Я кидал недалеко гранату,
Прыгать не умел через "козла".
Я боялся, постоянно труся,
В зале физкультурном не жилец,
Шведской стенки, параллельных брусьев,
К потолку подвешенных колец.
Это после, полюбив дорогу,
Обогнул я Землю раза три,
Прыгал с кулюмбинского порога
С пьяными бичами на пари.
Штурмовал обрывы на Памире,
Жил среди дрейфующего льда.
Но опять, как дважды два – четыре,
Помню эти школьные года,
Где не в силах побороть боязни
Ног моих предательских и рук,
Подвергался я гражданской казни,
Всеми презираемый вокруг.
И в пустой укрывшись раздевалке,
В щели между шкафом и стеной,
Всхлипывал, беспомощный и жалкий,
Проигравший бой очередной.
Математику же преподавал замечательный человек Александр Павлович Григал, прекрасно знавший свой предмет, но грозный и строгий. В нашем девятом "Б" учился высокий крепыш по фамилии Синица, носивший на своей широкой груди множество спортивных значков. (Уже в девятом классе он занимался в юношеской спортивной школе и был разрядником по нескольким видам спорта). С математикой он систематически был не в ладах. Каждый раз, когда Григал громовым своим голосом зачитывал оценки за очередную контрольную, он начинал с отличников: "Камский – пять, Темкин – пять, Капинос – пять…" Потом шли четверки, тройки и двойки. Заканчивал же он всегда в рифму: "Синица – единица!" Меня он тоже не особенно жаловал, так что выше четверки я у него обычно не поднимался.
Совсем другое дело – литература и история. Литературу в восьмом и девятом вела худенькая и некрасивая Лариса Михайловна, со старомодной косой и высоким восторженным голосом старой девы. Я у нее, конечно, был на самом хорошем счету, так как с литературой, которую любил, проблем никогда не возникало.

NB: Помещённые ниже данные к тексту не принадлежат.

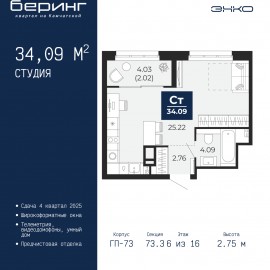 1-комн. квартира-студия от застройщика с предчистовой отделкой в ЖК "Беринг" на 6 этаже. Общая площадь: 34.09 кв.м., площадь гостиной 25.22 кв.м., из которых 5 кв.м. выделено под кухонную зону. Все окна выходят на одну сторону. В квартире один совмещенный санузел. Высота потолков 2.75 м....
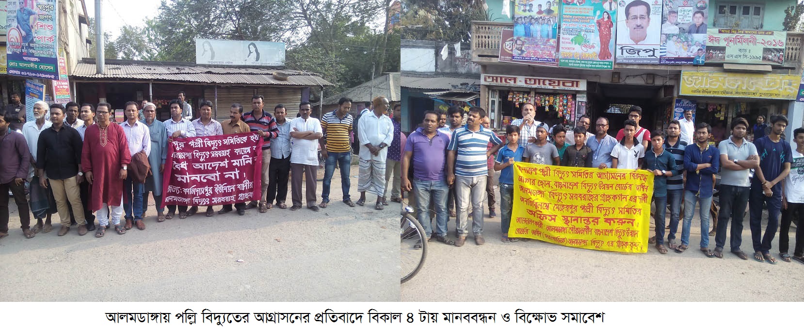 জামিরুল ইসলাম, চুয়াডাঙ্গা প্রতিনিধি: আলমডাঙ্গা প্রধান সড়কে পল্লি বিদ্যুতের আগ্রাসনের প্রতিবাদে বিকাল ৪ টায় মানববন্ধন ও বিক্ষোভ সমাবেশ অনুষ্ঠিত হয়েছে। সমাবেশে বক্তব্য রাখেন আলমডাঙ্গার কালিদাসপুর ইউনিয়নের চেয়ারম্যান নুরুল ইসলাম, মিল চাতাল মালিক সমিতির সভাপতি আহসান উল্লাহ, মীর ইসমাইল হোসেন, উপজেলা কৃষকলীগের সভাপতি আজজুল হক, কলেজিয়েট স্কুলের উপাধ্যক্ষ শামীম রেজা, মাসুদ রানা তুহিন, জয়নাল আবেদীন, আলহাজ¦ আমীর আলী মন্ডল, ফজলে এলাহী, আজিজুর রহমান পিন্টু, বজলুর রহমান, তরিকুল ইসলাম, আশরাফুল আলম, মসলেম আলী, আহসান হাবীব, ফরজ আলী, নুর ইসলাম, সাইদ আলী প্রমুখ। এসময় বক্তরা পল্লি বিদ্যুতের কর্মকর্তাদের হুশিয়ার করে বলেন, সরকারি নিয়ম অনুযায়ী ৩ মেগা ওয়াটের নিচে থাকলে সেই এলাকা পল্লী বিদ্যুতের আওতাভুক্ত হবে। আলমডাঙ্গা প্রথম শ্রেণির পৌরসভা। আরবান এলাকা। আলমডাঙ্গা, কুমারী এবং কালিদাসপুর অঞ্চল ৫ মেগাওয়টের বেশি। সেইক্ষেত্রে এই এলাকা কেন পল্লি বিদ্যুতের আওতাভুক্ত হবে? তারা বলেন, পল্লি বিদ্যুতের কর্মকর্তারা সরকারকে ভুল তথ্য দিয়ে অত্র অঞ্চলগুলি পল্লি বিদ্যুতের আওতাভুক্ত করেছে। আমরা এর তীব্র প্রতিবাদ জানাচ্ছি। অনতি বিলম্বে এই স্বীদ্ধান্ত বাতিল করে অত্র অঞ্চল ওজোপাডিকার অধীন পিডিবি’র আওতাভুক্ত রাখতে হবে। এসময় উপস্থিত ছিলেন লাভলু মিয়া, মন্টু মিয়া, রুবেল মিয়া, তরিকুল ইসলাম, স্বপন মিয়া, ফরজ আলী, ইছাহক আলী, জামাল মন্ডল, মোনায়েম, আলতাফ হোসেন, রানা, অছল উদ্দিন, রানা, মারজুল হক, দোলন হোসেন, ইমন আলী ঠান্ডু, সাইদ আলী, সামাদ আলী, মন্টু মেম্বার, গিয়াস আলী, এনামুল, ওল্টু মিয়া, মাহাবুল, জাহাঙ্গীর, আরিফুল, লিটন, শিলু, শিমুল, আবু মাসুদ, সাইদুর রহমান বকুল, আরজ আলী, শামীম রেজা মানিক, জিকু, তাহাজ উদ্দিন, কাশেম আলীসহ প্রায় ৫ শতাধিক মানুষ মানববন্ধনে অংশগ্রহণ করে।
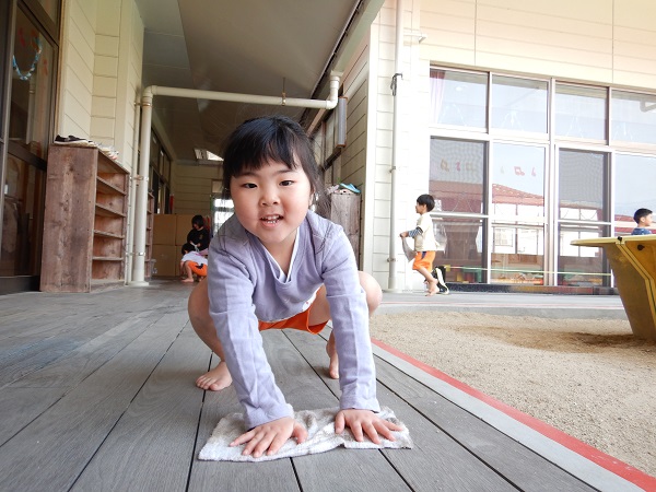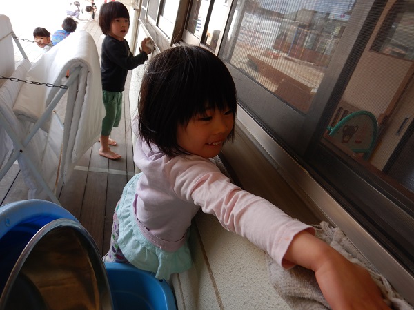 気が付くと「ここも!」「あそこも!」と廊下やテラスまで掃除してくれるばす組さんでした☺
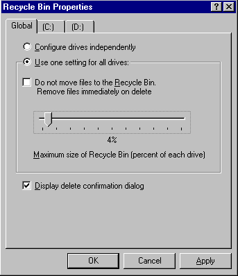 The Recycle Bin may take up to 10% of your hard drive's capacity. Ten percent is the default setting. What this means is, if you 'delete' a file, the file is moved into the Recycle Bin. This bin will continue to fill until the user-definable maximum is reached. If you take no action, this could take 100MB of space on a 1GB drive.

Не обходилось, однако, и без конфликтов, в которых каждый раз виновен был я. Помню, однажды зимой она вошла к нам в класс, румяная от мороза, с блестящими глазами и звонко сказала: "Ребята! Сегодня мы с вами начинаем новую тему, связанную с величайшим нашим поэтом Александром Сергеевичем Пушкиным, – любовь Пушкина. Дело в том, мальчики, что Пушкин был однолюб". Я, к тому времени успевший прочитать довольно много всякой всячины о поэте, в том числе дневники А. Вульфа, книги Вересаева, работы Щеголева, дневник самого Пушкина в Михайловском с характерной записью о романе с А. П. Керн, и зная знаменитый донжуанский список Пушкина, довольно гнусно захихикал, чем неожиданно для себя вызвал ее яростный гнев. "Городницкий, – закричала она, заливаясь краской, – немедленно покиньте класс. И давайте дневник – я вам двойку поставлю!" Несколько растерянный ее внезапным и, как полагал, несправедливым гневом, я вышел в коридор и, закрывая за собой дверь, слышал, как она объясняла срывающимся от волнения голосом: "Ребята! Не верьте этому цинику! Да, действительно, женщин в жизни Пушкина было много. Но ведь Пушкин был один! И поэтому любовь каждый раз была одна – великая, светлая пушкинская любовь!" Увы, мне потребовалось полвека, чтобы понять, как она была права!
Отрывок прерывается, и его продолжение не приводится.